• **WHAT THE EXERCISE ASKS**:
No pictures should appear in the copy. Reproduce exactly the lines from the one containing "SAINT LAURENT Eyewear's" through the end of the material below.

• **PROVIDED MATERIAL**:
◇ ◇ ◇ ◇
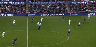 Video: Swansean Liam Cullen laukoi eleettömän maalin puolesta kentästä Englannin Mestaruussarjassa
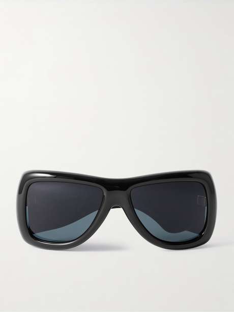 SAINT LAURENT Eyewear's 'Howl' sunglasses are a fusion of retro and futuristic styles. Debuted during the '80s-inspired Spring '26 runway show, they have oversized pillowy D-frames with gold-tone logos on the wide arms and tonal lenses.
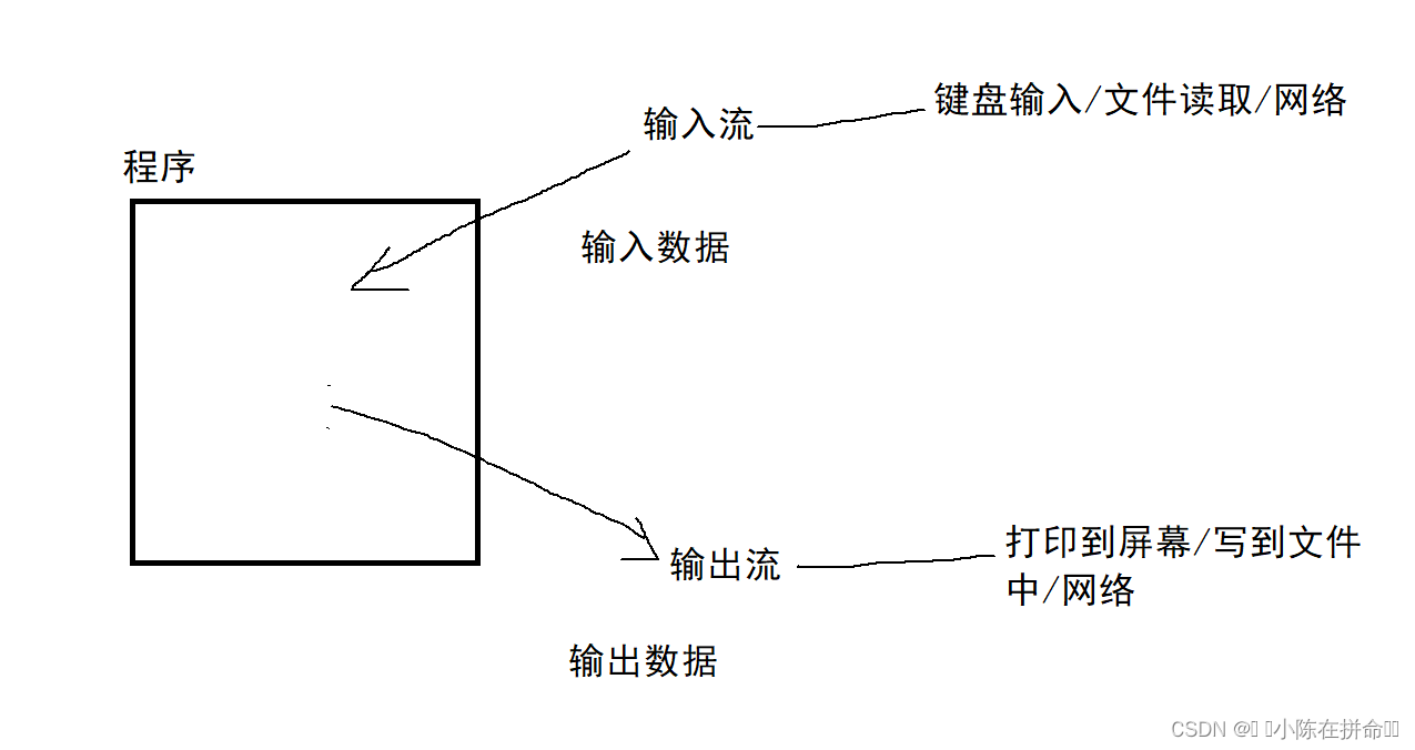 我们程序的数据需要输出到各种外部设备,也需要从外部设备获取数据,不同的外部设备的输⼊输出操作各不相同,为了方便程序员对各种设备进⾏⽅便的操作,我们抽象出了流的概念,我们可以把流想象成流淌着字符的河。
◇ ◇ ◇ ◇
• **THE COMPLETED TASK**:
 SAINT LAURENT Eyewear's 'Howl' sunglasses are a fusion of retro and futuristic styles. Debuted during the '80s-inspired Spring '26 runway show, they have oversized pillowy D-frames with gold-tone logos on the wide arms and tonal lenses.
 我们程序的数据需要输出到各种外部设备,也需要从外部设备获取数据,不同的外部设备的输⼊输出操作各不相同,为了方便程序员对各种设备进⾏⽅便的操作,我们抽象出了流的概念,我们可以把流想象成流淌着字符的河。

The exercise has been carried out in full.